→ **WHAT YOU WILL DO**
Below is some data. Retype exactly the lines starting at the one with "9月10日17點,南京興隆大" and ending at the one with "El Heliocare 360°".

→ **PROVIDED RECORDS**
┌────────

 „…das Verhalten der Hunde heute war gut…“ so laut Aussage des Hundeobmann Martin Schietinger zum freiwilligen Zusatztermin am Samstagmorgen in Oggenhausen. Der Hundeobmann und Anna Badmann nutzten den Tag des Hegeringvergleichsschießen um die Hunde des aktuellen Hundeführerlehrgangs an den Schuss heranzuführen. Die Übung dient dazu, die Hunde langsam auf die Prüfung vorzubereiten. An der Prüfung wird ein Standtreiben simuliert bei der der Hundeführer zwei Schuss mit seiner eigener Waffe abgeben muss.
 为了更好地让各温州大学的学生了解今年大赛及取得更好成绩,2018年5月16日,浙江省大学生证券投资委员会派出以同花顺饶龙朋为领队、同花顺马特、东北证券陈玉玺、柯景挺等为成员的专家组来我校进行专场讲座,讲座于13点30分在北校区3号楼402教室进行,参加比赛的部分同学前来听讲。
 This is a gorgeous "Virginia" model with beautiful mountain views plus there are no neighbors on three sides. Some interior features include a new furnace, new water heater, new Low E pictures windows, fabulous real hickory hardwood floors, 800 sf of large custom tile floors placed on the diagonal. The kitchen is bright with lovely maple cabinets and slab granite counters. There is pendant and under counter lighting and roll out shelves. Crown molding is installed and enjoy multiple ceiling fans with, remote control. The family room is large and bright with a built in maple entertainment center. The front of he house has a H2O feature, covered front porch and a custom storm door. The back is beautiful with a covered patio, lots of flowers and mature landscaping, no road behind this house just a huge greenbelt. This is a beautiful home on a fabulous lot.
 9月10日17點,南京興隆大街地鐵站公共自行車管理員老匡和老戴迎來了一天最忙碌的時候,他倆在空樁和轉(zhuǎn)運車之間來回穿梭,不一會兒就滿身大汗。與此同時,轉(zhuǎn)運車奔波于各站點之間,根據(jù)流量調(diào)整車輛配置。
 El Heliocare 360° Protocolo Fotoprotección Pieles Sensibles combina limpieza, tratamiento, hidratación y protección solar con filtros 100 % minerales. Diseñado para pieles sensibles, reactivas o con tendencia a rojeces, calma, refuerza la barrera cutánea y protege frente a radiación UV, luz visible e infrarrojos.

└────────
┌────────

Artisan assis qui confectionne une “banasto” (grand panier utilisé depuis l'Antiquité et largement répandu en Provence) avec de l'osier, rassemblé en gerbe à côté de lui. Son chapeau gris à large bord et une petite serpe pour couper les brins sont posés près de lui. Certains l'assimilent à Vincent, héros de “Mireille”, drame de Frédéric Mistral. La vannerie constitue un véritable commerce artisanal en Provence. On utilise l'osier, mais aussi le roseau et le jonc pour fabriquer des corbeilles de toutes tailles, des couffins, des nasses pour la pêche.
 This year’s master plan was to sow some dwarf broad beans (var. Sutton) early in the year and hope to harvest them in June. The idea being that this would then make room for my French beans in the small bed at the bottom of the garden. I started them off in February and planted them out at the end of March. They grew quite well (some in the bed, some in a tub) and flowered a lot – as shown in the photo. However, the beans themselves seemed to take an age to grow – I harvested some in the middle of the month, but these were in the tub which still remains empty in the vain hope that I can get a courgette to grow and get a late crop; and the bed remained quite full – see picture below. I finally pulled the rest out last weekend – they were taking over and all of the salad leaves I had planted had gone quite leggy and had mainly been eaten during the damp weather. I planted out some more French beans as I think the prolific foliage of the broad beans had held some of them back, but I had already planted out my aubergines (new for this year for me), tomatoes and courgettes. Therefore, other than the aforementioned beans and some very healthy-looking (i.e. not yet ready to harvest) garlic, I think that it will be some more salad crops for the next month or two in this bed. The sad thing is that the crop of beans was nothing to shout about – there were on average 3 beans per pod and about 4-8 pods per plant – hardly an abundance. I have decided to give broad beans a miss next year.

└────────
┌────────

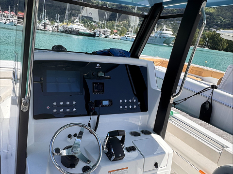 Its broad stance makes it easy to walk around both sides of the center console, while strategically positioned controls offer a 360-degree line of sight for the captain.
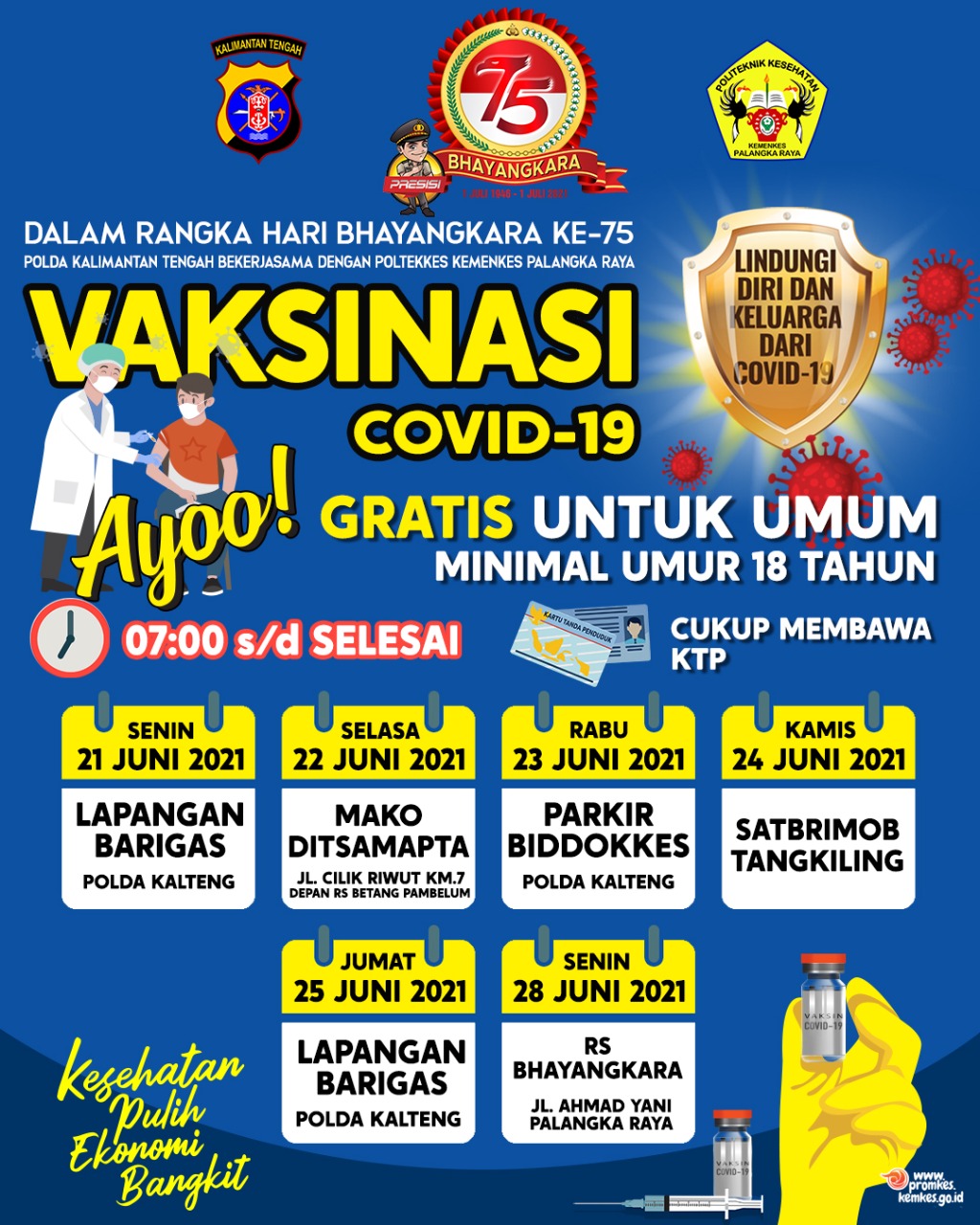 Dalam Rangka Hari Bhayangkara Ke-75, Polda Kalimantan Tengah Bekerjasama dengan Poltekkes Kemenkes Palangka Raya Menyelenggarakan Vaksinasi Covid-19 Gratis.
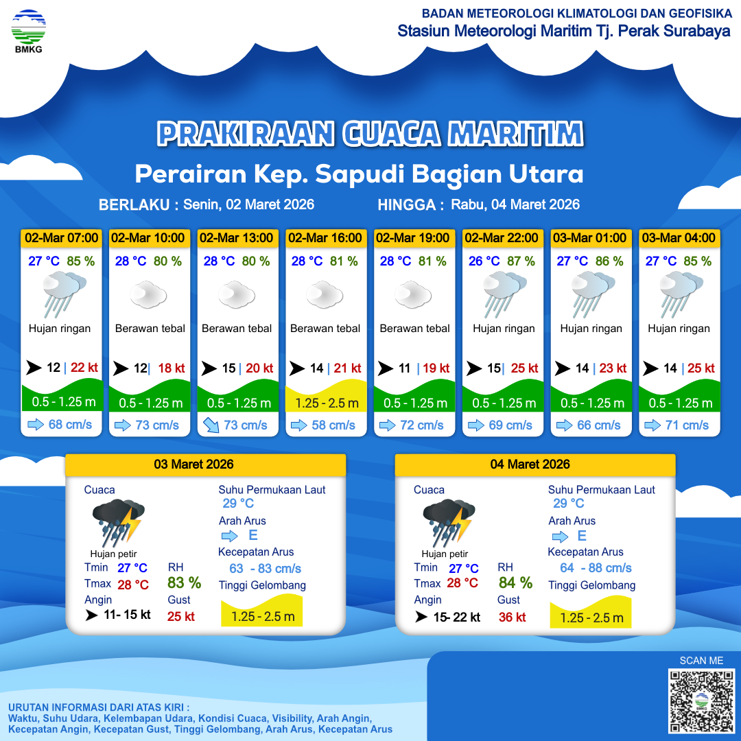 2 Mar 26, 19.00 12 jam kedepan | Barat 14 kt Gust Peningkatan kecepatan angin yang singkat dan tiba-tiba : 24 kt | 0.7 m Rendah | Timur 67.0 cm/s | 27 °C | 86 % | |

└────────

→ **YOUR RESPONSE**
 9月10日17點,南京興隆大街地鐵站公共自行車管理員老匡和老戴迎來了一天最忙碌的時候,他倆在空樁和轉(zhuǎn)運車之間來回穿梭,不一會兒就滿身大汗。與此同時,轉(zhuǎn)運車奔波于各站點之間,根據(jù)流量調(diào)整車輛配置。
 El Heliocare 360° Protocolo Fotoprotección Pieles Sensibles combina limpieza, tratamiento, hidratación y protección solar con filtros 100 % minerales. Diseñado para pieles sensibles, reactivas o con tendencia a rojeces, calma, refuerza la barrera cutánea y protege frente a radiación UV, luz visible e infrarrojos.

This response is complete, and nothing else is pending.